Cluster Schematic: The architecture of a High Performance Computing Cluster.

account (relates to Slurm ): A group of users with a chargeable shortcode and optional limits that is configured in slurm to provide a way to run jobs for a fee on a cluster.

batch: Instructions run in a file without user interaction, typically referred to as 'run in batch'

batch script: A text file containing a series of resource specifications, such as the number of nodes, amount of memory, and other requirements needed to run, and commands to be run. This script is submitted to the Slurm workload manager, which schedules and executes the job on available compute nodes within a high-performance computing (HPC) cluster.

core: A processing unit within a computer chip.

CPU: The chip in a node that performs computations.

GPU: A graphics processing unit (GPU) is a specialized processor which can generate computer graphics, but in HPC, designed to accelerate computation-intensive tasks by performing parallel operations, making it ideal for tasks such as simulations, deep learning, and scientific computations.

job: A task or set of tasks, submitted to the cluster scheduler to be executed.

login: Your uniqname. Can also mean to use your login and your level-1 password to gain access to a cluster.

node: A physical machine in a cluster, including login, compute, and transfer nodes

Login nodes The login nodes are a place where users can login, edit files, view job results and submit new jobs. Login nodes are a shared resource and should not be used to run application workloads.

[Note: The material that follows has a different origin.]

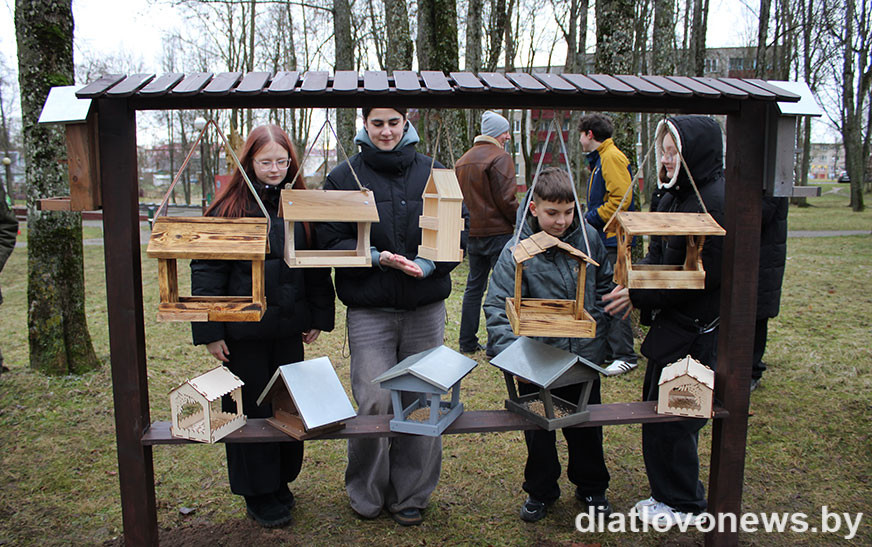 Сіламі лескомаўцаў зроблены стойкі і трымальнікі для кармушак. Атрымалася нават не проста сталовая для птушак, а невялікі птушыны гарадок у парку па вуліцы Міцкевіча ў Дзятлаве. Частка кармушак развешана на тэрыторыі школы.

There are limits on the login nodes.
Head node: The head node is the primary control node that manages the overall operation of the cluster. .
Data Transfer node: The data transfer node is available for moving data to be accessible to and from the cluster. At ARC, this is done primarily via Globus.
Compute node: The compute nodes are the computers where jobs are run. To run jobs on the compute nodes, users need to access a head node and schedule their program to be run on the compute nodes once the requested resources are available.

Node Geometry: The physical and logical arrangement of nodes in the cluster are being requested across the available resources on a cluster that need to be optimized for your particular job based on what the job is trying to accomplish. The geometry of these nodes can influence the overall performance, efficiency, and scalability of computational tasks.